The timing is genuinely interesting for a retrospective. The codebase is frozen now, which means we can analyze it without the ground shifting under us. And it's worth noting this wasn't a toy project — in April 2025, they ran a real wargame with six human participants using this system, and it got written up in the CIA's Studies in Intelligence journal, Volume 69, Number 4, December 2025. So we're talking about research code that made it to operational deployment within about a year of the original arXiv paper.
By the way, today's episode is powered by Claude Sonnet 4.6 doing the script generation, which feels appropriately on-brand for an episode about LLMs running wargames.

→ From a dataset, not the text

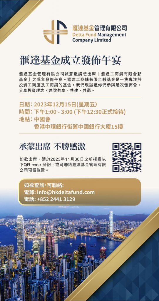 滙達資產管理有限公司(Delta Fund Management Company Limited)成立於2023,是香港首間專注工業大廈、商鋪買賣及發展的持牌資產管理公司。憑藉團隊精明獨到的洞察力和豐富的工業大廈、商鋪投資經驗,滙達一直努力不懈,嚴選優質商鋪資產,為客戶提供專業的資產管理和投資方案。公司致力打造優質的投資組合,為客戶創造長期的投資回報。

It really does. Okay, so let's start with the agent architecture, because that's the foundation everything else sits on. The class hierarchy is built around two base classes combined through Python multiple inheritance, and the design is cleaner than most research code you see in this space.
Walk me through the two base classes, because I think that split is where a lot of the interesting design thinking lives.
So you have Intelligent and Stateful. Intelligent is the workhorse — every agent that can generate output inherits from it. It holds a reference to an LLM object, a Database, verbosity settings, and a unique I/O ID which is just a random six-digit integer or UUID. The key method is return_output, which routes to one of three backends: return_from_ai, return_from_human, or return_from_preset. That three-way routing is actually one of the more elegant decisions in the codebase.
The preset option is the one that catches my eye. That's essentially a mock player for testing — you can inject scripted responses and get deterministic replays.
Which matters enormously for a research codebase. You can reproduce a specific game run, you can script historical scenarios, you can build regression tests. The Intelligent class also handles prompt construction through return_template, which assembles sections — persona, history, responses, query — and supports four query formats. The most important is twoline, which gives a full question-and-answer format with a persona reminder, so the model is constantly being told who it is before it responds.
And the retry logic in there — that's where it gets a bit alarming. Up to sixty-four retries if the LLM returns empty output?
Sixty-four. Which is a pragmatic hack that tells a story. If you're running a local Mistral-7B model on a gaming laptop, you're going to get empty outputs sometimes. The retry loop is a brute-force workaround. In production at scale, sixty-four retries could add serious latency, but for a research prototype running three to five moves in a wargame, it's probably fine. The stop token is interesting too — they use "Narrator:" as the stop token to prevent runaway generation. So the model literally stops generating when it would start narrating someone else's turn.
Then Stateful is almost comically minimal by comparison.
It's essentially a mixin that gives an agent a History object and two recording methods: record_narration and record_response. That's it. The separation is intentional — Intelligent handles I/O and LLM interaction, Stateful handles game state. Then Control and Player both inherit from both, which is Python's multiple inheritance model resolution working as intended.
And Team is the interesting outlier, because Team only inherits from Stateful and not from Intelligent.
Which is the Composite pattern in action. Team has no LLM of its own. When you call respond on a Team, it iterates over all its members calling member.respond, then calls leader.synthesize to combine the responses. From the Control's perspective, a Team looks exactly like a Player — same interface. That's duck typing doing exactly what it's supposed to do. You could have teams of teams, players on multiple teams, arbitrarily nested hierarchies — the paper explicitly says any acyclic arrangement is allowed.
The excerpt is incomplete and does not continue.